This was one of the few personal stories Suzanne had heard about her half sister’s past, and they would never have a chance to know each other better now.

“She’s allowed to have toys, I hope?” Stephen Serkin asked.

“Now, yes, if it’s clean and new,” Suzanne answered. “Her immune system is more developed than it was.”

Distracted, she turned to the crib, the soft, pretty doll still in her hand. The hand-embroidered cotton skirts of the doll’s dress tickled her wrist. She placed it where Alice would be able to see it. The baby had begun to focus on faces and black-and-white patterns now.

“She’s waking up….” she murmured. Alice was stirring.

“No, dreaming, I think,” came that complicated, musical accent. Rising to his feet, Stephen stood next to Suzanne and they both looked down at baby Alice. “Look at that! Smiling, too,” he added.

“Smiling? Oh dear lord, smiling?” Suzanne couldn’t believe it. “She’s never done that before.”

“But she is now, in her sleep. Look! Isn’t it a great sight?” He laughed, a throaty sound of pure, genuine appreciation.

“I—I can’t believe it. Isn’t it just gas, or something?”

“It’s not impossible, Suzanne,” Terri McAllister interjected, having overheard. She was checking another baby in a nearby crib. “It seems like preemies should be too little to smile, when they should still be inside a tummy in the warm and dark. But actually they smile almost as early as babies who get born when they’re supposed to.”

Suzanne gripped the Plexiglas sides of the crib and leaned closer. The smile came again, quite unmistakable now.

“Oh, Alice! Oh, you are!” she cooed.

The smile was wider this time. It was an open-mouthed and completely toothless beam that scooped dimples into each cheek and softened the baby’s whole face, even in sleep. She stretched and arched her little neck. Her creamy eyelids still seemed almost transparent, their skin was so fine.

“What on earth can she be dreaming about that’s making her so delighted and happy?” Suzanne wondered aloud.

“You,” Stephen said. He was still standing beside her, and Suzanne felt the warmth of his forearm against her wrist. His hip bumped her side.

“Me?” she echoed.

She was trying desperately not to be so conscious of his accidental touch. Out of the corner of her eye she could see just how well made his arms were. They were strong and smooth, with lengths of honed muscle. He must keep himself fit.

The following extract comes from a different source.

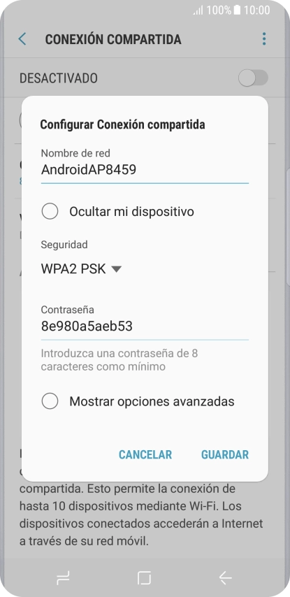 Pulsa WPA2 PSK para proteger la conexión wifi con una contraseña.
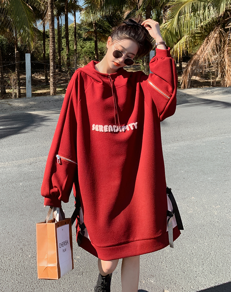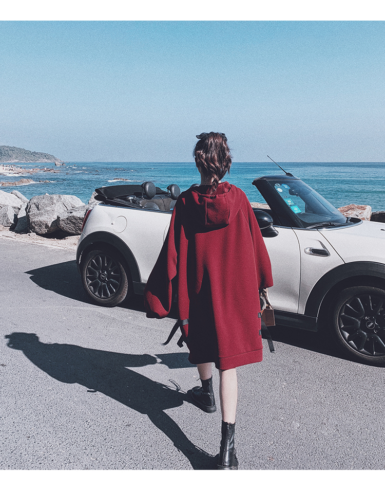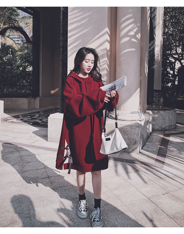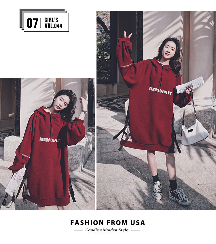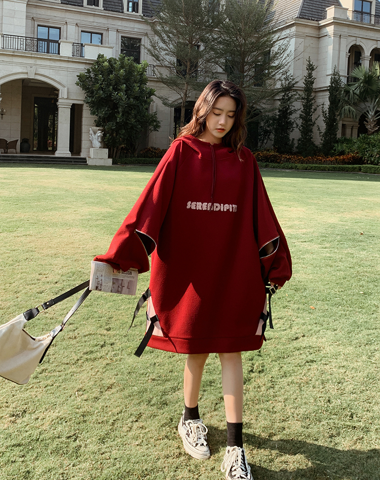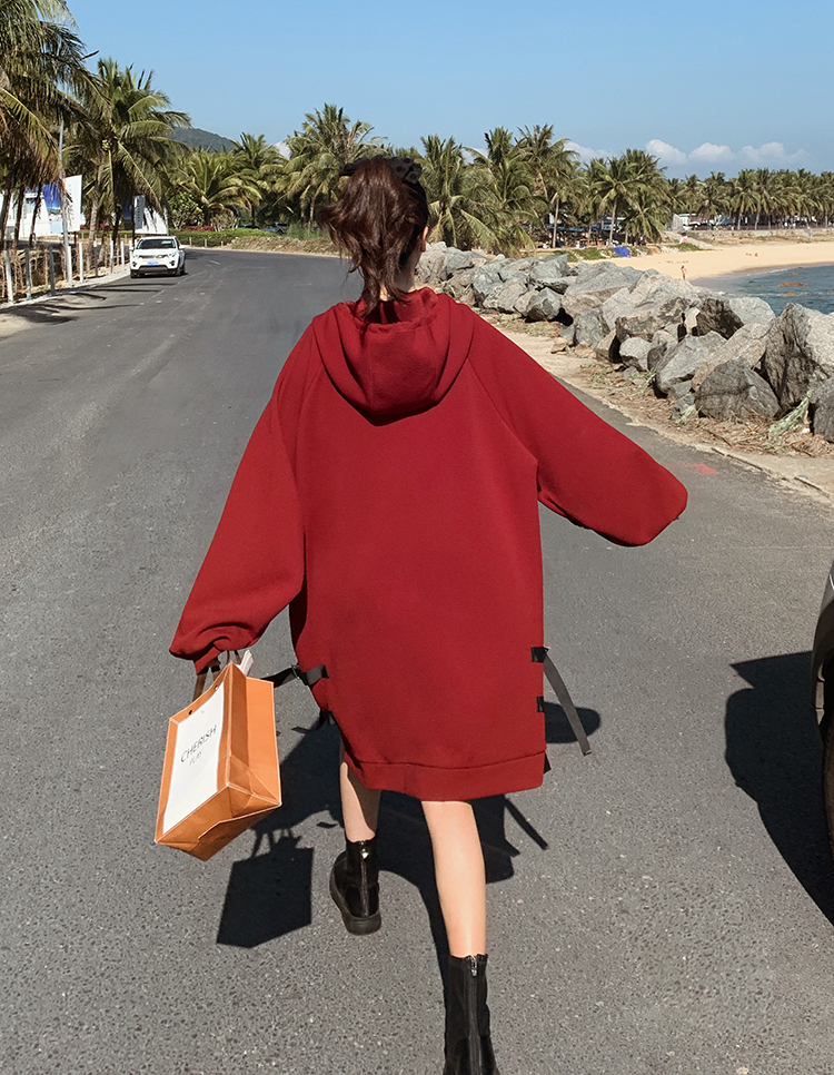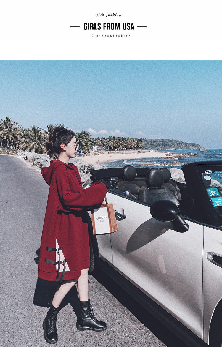 獨家訂製│韓系俏皮感側邊拼接綁帶連帽連衣裙(09H4749)

“Yes, you.” He smiled at her for the second time. “Of course, you.”

This time, she noticed the way the smile crinkled the skin around his eyes and lit up his whole face. Like Alice’s smile. Again, there was a teasing quality to it that immediately made her smile back. Slowly she was beginning to lose that instinctive mistrust. Maybe here, at last, was someone else who didn’t just think about wants. Alice was his cousin’s child. Was it possible that he actually cared?

“She’s dreaming about your voice,” he continued. “Your fragrance. The songs you sing to her.”

They were both watching the baby again, intent on every tiny movement in her face, every eyelid flicker and every wobble of her little fists.

“How did you know I sing to her?” Suzanne asked.

“Of course you sing! I’ve heard so many mothers singing to their babies in hospital at home in Aragovia. I’m a family doctor, myself.”

Suzanne felt a sudden twist in her gut, and a shock of recognition. “Jodie was a pediatrician.” She blinked back tears.

“I know. I did my family practice residency here in the United States, when she had just completed her specialist training. We were quite good friends for a while.”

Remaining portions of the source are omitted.